### STORED DATA

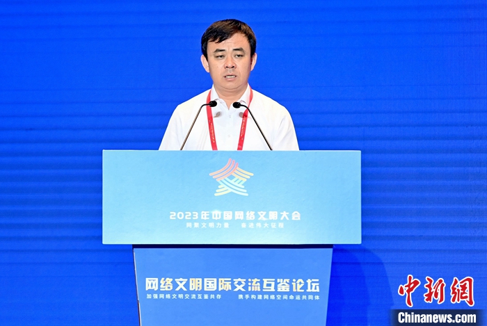 7月18日,2023年中国网络文明大会网络文明国际交流互鉴论坛在厦门举办。图为山东省日照市委副书记王新生作主题演讲。中新社记者 王东明 摄
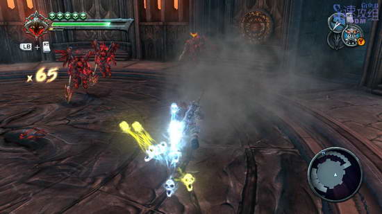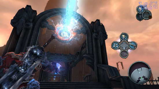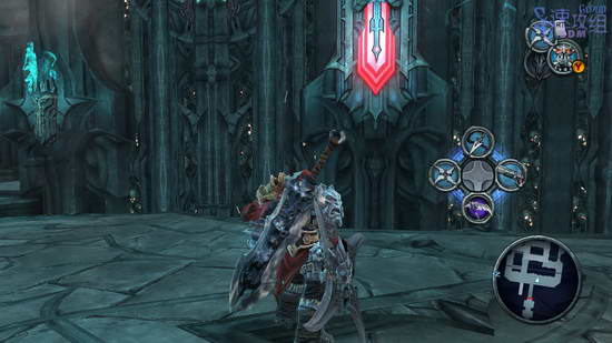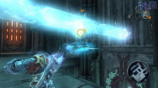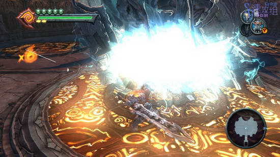 这里的大厅会遭遇大量敌人的高级兵,打不过的时候就用技能和变身,不要逞强,带着血就吃。所有敌人杀光之后会出现武器的石头,打破石头得到新武器,传送器,玩过传送门的话应该对这个武器很了解。
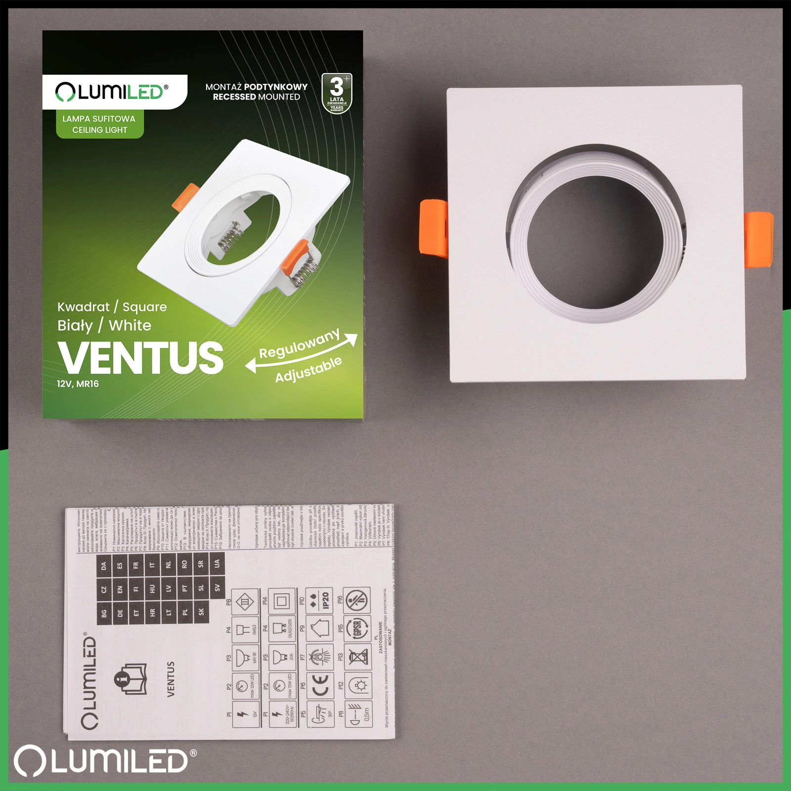 Oprawa Halogenowa Podtynkowa Ruchoma Kwadratowa Biała GU10 MR16 VENTUS Lumiled

### TASK GOAL
Print the material word for word; images are to be left out.

### EXERCISE OUTPUT
 7月18日,2023年中国网络文明大会网络文明国际交流互鉴论坛在厦门举办。图为山东省日照市委副书记王新生作主题演讲。中新社记者 王东明 摄
 这里的大厅会遭遇大量敌人的高级兵,打不过的时候就用技能和变身,不要逞强,带着血就吃。所有敌人杀光之后会出现武器的石头,打破石头得到新武器,传送器,玩过传送门的话应该对这个武器很了解。
 Oprawa Halogenowa Podtynkowa Ruchoma Kwadratowa Biała GU10 MR16 VENTUS Lumiled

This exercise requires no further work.